• **What the exercise asks**: Restate the lines of the material below word for word, from the first through the one containing "风飞扬 欧式实木椅子高档酒店餐椅法式田园皮艺书桌椅子OPD002", and include nothing else; pictures stay out.

• **Exercise data**:
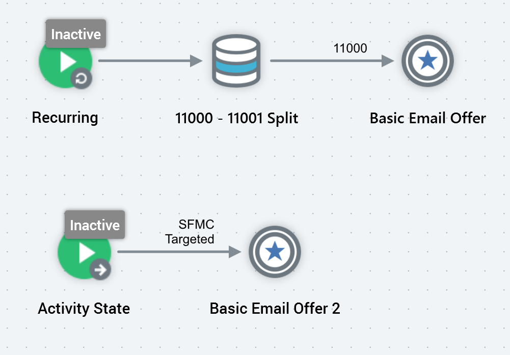 …in this case, all records output by ‘Basic Email Offer’ (i.e. those in a ‘Targeted’ state) will serve as the input to ‘Basic Email Offer 2’.
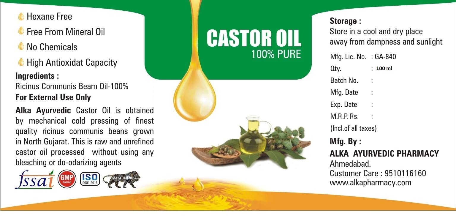 Alka Ayurvedic Pharmacy Castor Oil for Skin Care Hair Growth (Arandi Oil) | Premium Cold Pressed | Pure & Virgin Grade 100ml
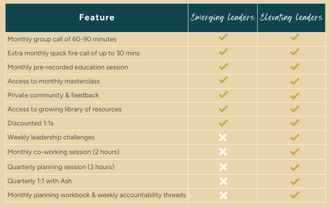 Stepping into your role as leader of your business takes time - it doesn’t happen overnight. So we have monthly or annual options available, but both require a 6 month minimum commitment - we want you to really take the time and space to get the support you need to lead your business.
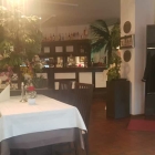 Vorm Restaurant befindet sich ein großer Biergarten mit Grill, den Zweckbau aus den 60ér Jahren betritt man durch zwei Türen. Wir wurden von zwei freundlichen, jungen Damen begrüßt, und da ein Großteil des Restaurants um diese Zeit noch frei war, hatten wir freie Platzwahl.
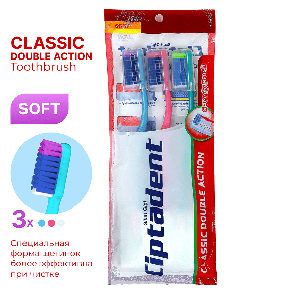 Зубная щетка Ciptadent Classic Double Soft предлагает мягкую щетину для бережного очищения зубов, особенно подходящую для людей с чувствительными деснами. Щетинки изготовлены из мягкого материала, обеспечивающего тщательное очищение без раздражения десен.
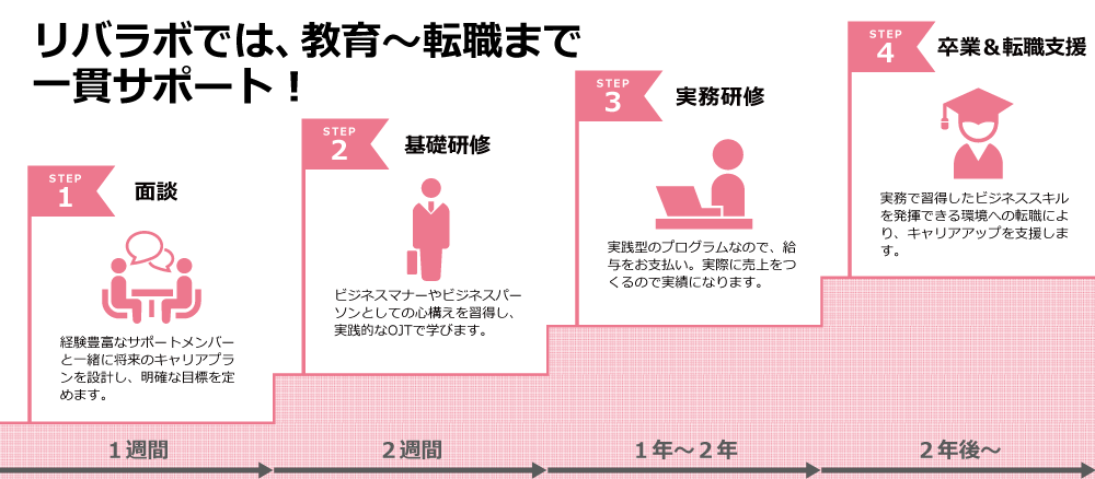 リバラボウーマンインターンシップ参加期間中は、弊社のキャリアコンサルタントが最初から最後まで、しっかりサポート。2年間の研修後は転職サポートとして、プロモーションセールス、カスタマーサクセス、インハウスセールスなど、スキルが活かせる仕事を多数ご案内しています。
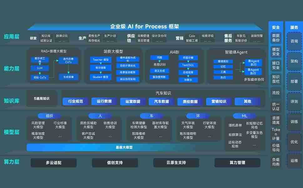 太阳成集团tyc151cc问学智车解决方案是一套基于AI技术的汽车行业智能化系统,,,,覆盖从底层算力到顶层AI应用的全栈方案。。。方案由算力层、、、模型层和应用层组成:算力层,,,方案支持多种一体机配置,,,具备云端灵活部署、、、多云适配以及动态优化计算资源的能力;模型层,,,太阳成集团tyc151cc问学平台版提供了企业级AI应用一站式构建与管理平台,,支持基于后训练强化技术的汽车企业专属模型的训练、、、、评测和运营;应用层,,,太阳成集团tyc151cc问学DeepSeek版提供包括超级员工、、、、智能招采、、智能营销、、、、智能客服、、、、AI for BI等一系列解决方案,,可助力汽车行业实现数字化转型,,,让管理更智能、、、响应更敏捷。。
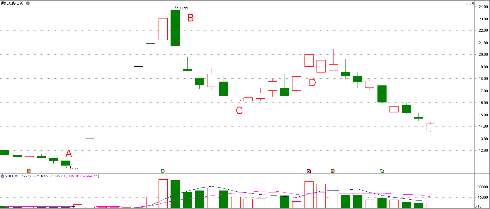 这样的分时出现之后,通常是股价阶段性的见顶标志,后面要是无法快速修复的话,一般就是一路下跌。例如刚才讲的世纪天鸿(见下图),B柱出现龙反水之后之后,股价就是连续大跌或跌停。C柱的时候虽然出现了拐点,股价也出现了一定幅度的上攻,但却无法突破B柱龙反水的实底,最终引发再一次的大跌。
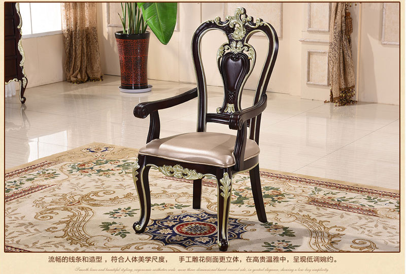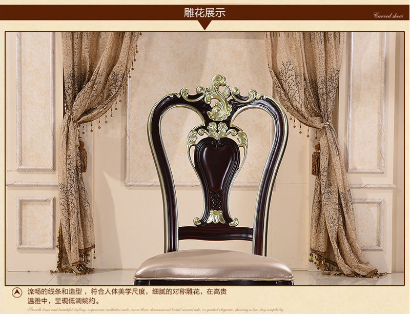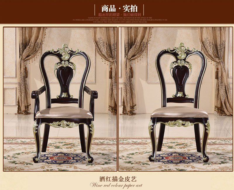 风飞扬 欧式实木椅子高档酒店餐椅法式田园皮艺书桌椅子OPD002
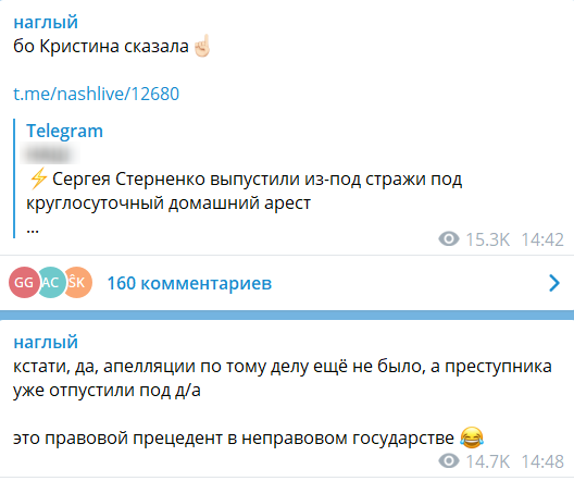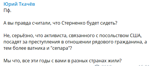 "Выпустили Стерненко под домашний арест. Слабая неубедительная власть – паруса надула убогим и безработным праздношатающимся, выдающим себя за гражданское общество: в следующий раз их будет в 100 раз больше под ОП, и они здание на камни разберут, а новые двери – на петину будку пустят".

• **Exercise result**:
 …in this case, all records output by ‘Basic Email Offer’ (i.e. those in a ‘Targeted’ state) will serve as the input to ‘Basic Email Offer 2’.
 Alka Ayurvedic Pharmacy Castor Oil for Skin Care Hair Growth (Arandi Oil) | Premium Cold Pressed | Pure & Virgin Grade 100ml
 Stepping into your role as leader of your business takes time - it doesn’t happen overnight. So we have monthly or annual options available, but both require a 6 month minimum commitment - we want you to really take the time and space to get the support you need to lead your business.
 Vorm Restaurant befindet sich ein großer Biergarten mit Grill, den Zweckbau aus den 60ér Jahren betritt man durch zwei Türen. Wir wurden von zwei freundlichen, jungen Damen begrüßt, und da ein Großteil des Restaurants um diese Zeit noch frei war, hatten wir freie Platzwahl.
 Зубная щетка Ciptadent Classic Double Soft предлагает мягкую щетину для бережного очищения зубов, особенно подходящую для людей с чувствительными деснами. Щетинки изготовлены из мягкого материала, обеспечивающего тщательное очищение без раздражения десен.
 リバラボウーマンインターンシップ参加期間中は、弊社のキャリアコンサルタントが最初から最後まで、しっかりサポート。2年間の研修後は転職サポートとして、プロモーションセールス、カスタマーサクセス、インハウスセールスなど、スキルが活かせる仕事を多数ご案内しています。
 太阳成集团tyc151cc问学智车解决方案是一套基于AI技术的汽车行业智能化系统,,,,覆盖从底层算力到顶层AI应用的全栈方案。。。方案由算力层、、、模型层和应用层组成:算力层,,,方案支持多种一体机配置,,,具备云端灵活部署、、、多云适配以及动态优化计算资源的能力;模型层,,,太阳成集团tyc151cc问学平台版提供了企业级AI应用一站式构建与管理平台,,支持基于后训练强化技术的汽车企业专属模型的训练、、、、评测和运营;应用层,,,太阳成集团tyc151cc问学DeepSeek版提供包括超级员工、、、、智能招采、、智能营销、、、、智能客服、、、、AI for BI等一系列解决方案,,可助力汽车行业实现数字化转型,,,让管理更智能、、、响应更敏捷。。
 这样的分时出现之后,通常是股价阶段性的见顶标志,后面要是无法快速修复的话,一般就是一路下跌。例如刚才讲的世纪天鸿(见下图),B柱出现龙反水之后之后,股价就是连续大跌或跌停。C柱的时候虽然出现了拐点,股价也出现了一定幅度的上攻,但却无法突破B柱龙反水的实底,最终引发再一次的大跌。
 风飞扬 欧式实木椅子高档酒店餐椅法式田园皮艺书桌椅子OPD002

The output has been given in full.